In terzo luogo, la maggior parte delle discussioni e analisi sull’educazione umanistica degli adulti si sono spostate verso gli Stati Uniti (Pearson e Podeschi, 1999), e sono state generalmente radicate nella società e nella cultura in cui prevale un orientamento culturale individualistico. Ad esempio, i paradigmi umanistici dell’educazione degli adulti come l’autonomia dell’individuo, che è riconosciuto dagli individui pienamente funzionanti di Rogers, dagli adulti autorealizzanti di Maslow, dall’andragogia e dall’apprendimento autonomo di Knowles (1975, 1980) e auto-diretto Contesto nordamericano. Gli aspetti relazionali e sociali del concetto confuciano di sé e della tradizione umanistica hanno potenziali implicazioni per l’educazione degli adulti in generale, in particolare quelli nelle culture e società non individualiste. Confucio credeva che una persona fosse un essere sociale che interagisce sempre con gli altri. “È impossibile associarsi con uccelli e animali, come se fossero gli stessi con noi. Se non mi associo a queste persone, – all’umanità, – con chi dovrei

associato ”(Analects of Confucius 18: 6; trans. di Legge, 1979)? In breve, l’enfasi di Confucio sulla famiglia come unità sociale di base, le relazioni umane, i doveri e gli obblighi, jen e li

verso gli altri, la pace e l’armonia con gli altri e la natura, e diventare veramente umani attraverso l’auto-coltivazione e l’apprendimento si riflette in una preoccupazione allargata per l’uomo e per la società.

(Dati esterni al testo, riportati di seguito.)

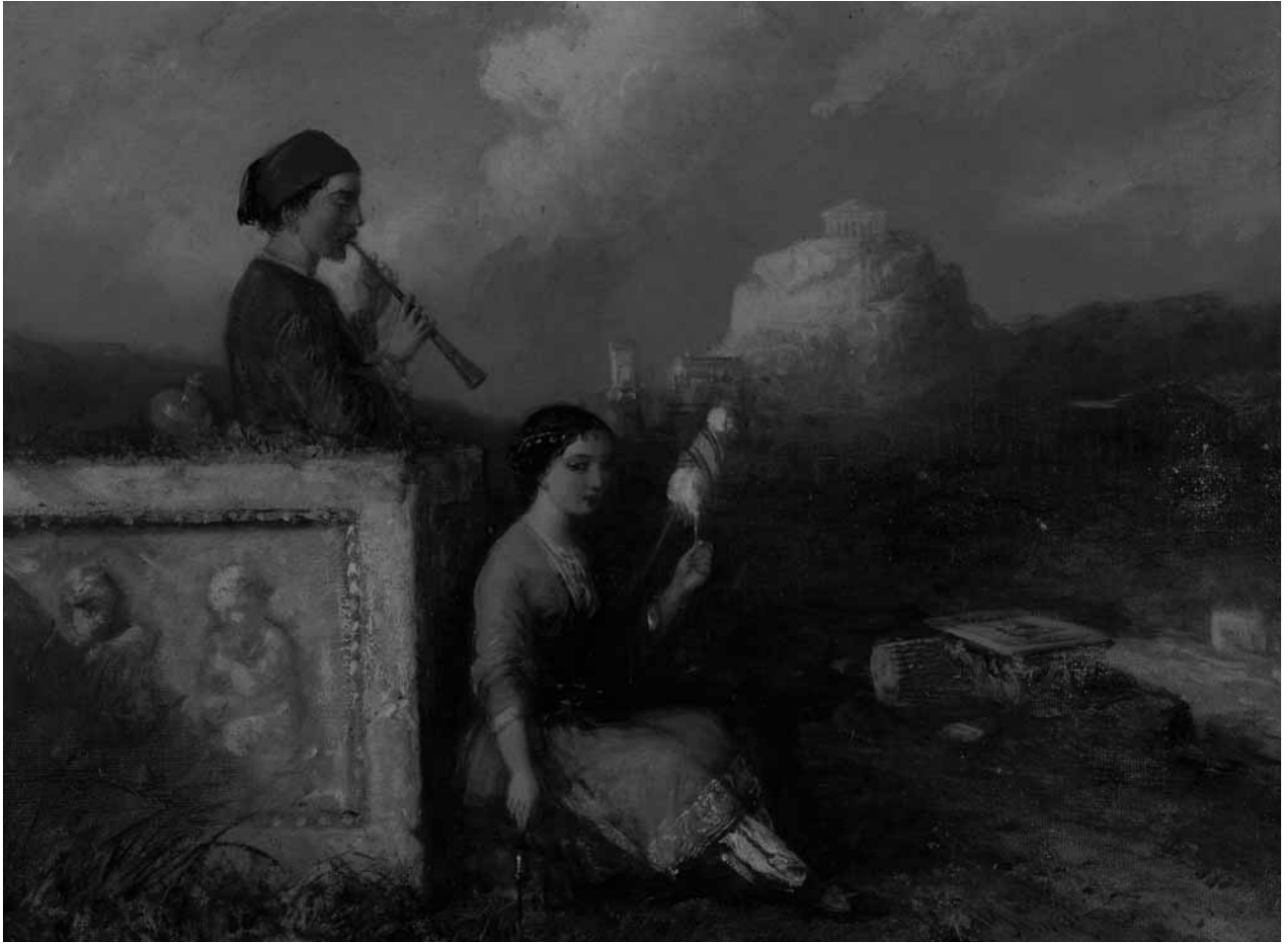
Fig. 1. J. Linton, A Greek Couple (ca. 1860). Athens, Benaki Museum inv. no. 9006.

view of the entrance to the Acropolis in du Moncel's Vues pittoresques des monuments d'Athènes (fig. 2): 14 the setting sun casts a long shadow over the foreground, in which a few stray onlookers stand amid the boulders and debris of the still unrestored pathway up. Above them looms the dark mass of the Frankish tower, not yet demolished; its tip, like the columns of the Propylaea itself and the Temple of Athena Nike to the side, is jagged and incomplete. Like Baalbek for Volney – the locus classicus of this trope – the half-eroded columns of the classical past merely point up the woeful inadequacy of the present.

In quarto luogo, infine, comprendere il confucianesimo può aiutare gli educatori e i professionisti che insegnano agli studenti adulti provenienti da culture influenzate da Confuciani o che pianificano programmi educativi per loro di fronte alla crescente diversità culturale e alla complessità. La comprensione delle basi filosofiche delle tradizioni confuciane può anche aiutare a ridurre i conflitti tra le diverse visioni culturali in termini di apprendimento e insegnamento.